Various modifications to the implementations described in this disclosure may be readily apparent to those skilled in the art, and the generic principles defined herein may be applied to other implementations without departing from the spirit or scope of this disclosure. Thus, the disclosure is not intended to be limited to the implementations shown herein, but is to be accorded the widest scope consistent with the claims, the principles and the novel features disclosed herein. The word “exemplary” is used exclusively herein to mean “serving as an example, instance, or illustration.” Any implementation described herein as “exemplary” is not necessarily to be construed as preferred or advantageous over other implementations. Additionally, a person having ordinary skill in the art will readily appreciate, the terms “upper” and “lower” are sometimes used for ease of describing the figures, and indicate relative positions corresponding to the orientation of the figure on a properly oriented page, and may not reflect the proper orientation of the IMOD as implemented.

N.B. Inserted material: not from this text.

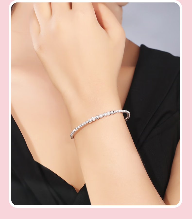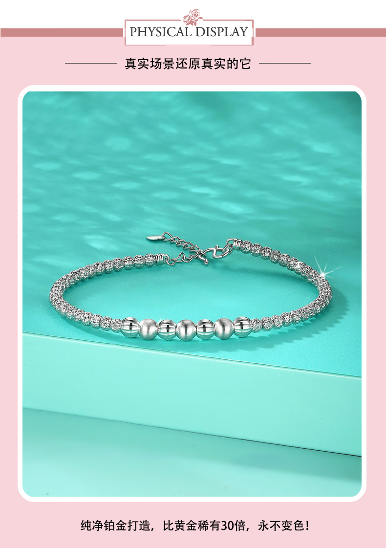 Yuan Shengfu's new PT950 fashionable, simple and versatile double-ball platinum bracelet, genuine platinum round ball open bracelet, 7.93g/ring 56mm

Certain features that are described in this specification in the context of separate implementations also can be implemented in combination in a single implementation. Conversely, various features that are described in the context of a single implementation also can be implemented in multiple implementations separately or in any suitable subcombination. Moreover, although features may be described above as acting in certain combinations and even initially claimed as such, one or more features from a claimed combination can in some cases be excised from the combination, and the claimed combination may be directed to a subcombination or variation of a subcombination.

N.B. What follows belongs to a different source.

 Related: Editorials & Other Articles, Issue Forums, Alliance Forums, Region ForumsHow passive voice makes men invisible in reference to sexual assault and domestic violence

Similarly, while operations are depicted in the drawings in a particular order, this should not be understood as requiring that such operations be performed in the particular order shown or in sequential order, or that all illustrated operations be performed, to achieve desirable results. In certain circumstances, multitasking and parallel processing may be advantageous. Moreover, the separation of various system components in the implementations described above should not be understood as requiring such separation in all implementations, and it should be understood that the described program components and systems can generally be integrated together in a single software product or packaged into multiple software products. Additionally, other implementations are within the scope of the following claims. In some cases, the actions recited in the claims can be performed in a different order and still achieve desirable results.

Claims

1. An illumination system, comprising: a light guide having a frosted light input surface; anda light source configured to direct light into the frosted light input surface.

2. The illumination system of claim 1, wherein the frosted light input surface has a surface roughness Ra of about 0.1-5 μm.

3. The illumination system of claim 2, wherein the surface roughness Ra is about 0.7-2 μm.

4. The illumination system of claim 2, wherein the frosted light input surface is on an edge of the light guide, wherein peaks and valleys of material on the frosted light input surface define striations extending along a short dimension of the edge.

5. The illumination system of claim 4, wherein the striations are non-uniform and irregularly spaced apart.

6. The illumination system of claim 1, wherein the light guide includes a plurality of light turning features configured to eject light propagating within the light guide out of a major surface of the light guide.

7. The illumination system of claim 6, further comprising a display having a major surface facing the major surface of the light guide, wherein the light turning features are configured to eject light towards the major surface of the light guide.

8. The illumination system of claim 7, wherein the light guide forms part of a front light.

9. The illumination system of claim 7, wherein the display is a reflective display including an array of inteferometric modulators.

10. The illumination system of claim 7, further comprising: a processor that is configured to communicate with the display, the processor being configured to process image data; anda memory device that is configured to communicate with the processor.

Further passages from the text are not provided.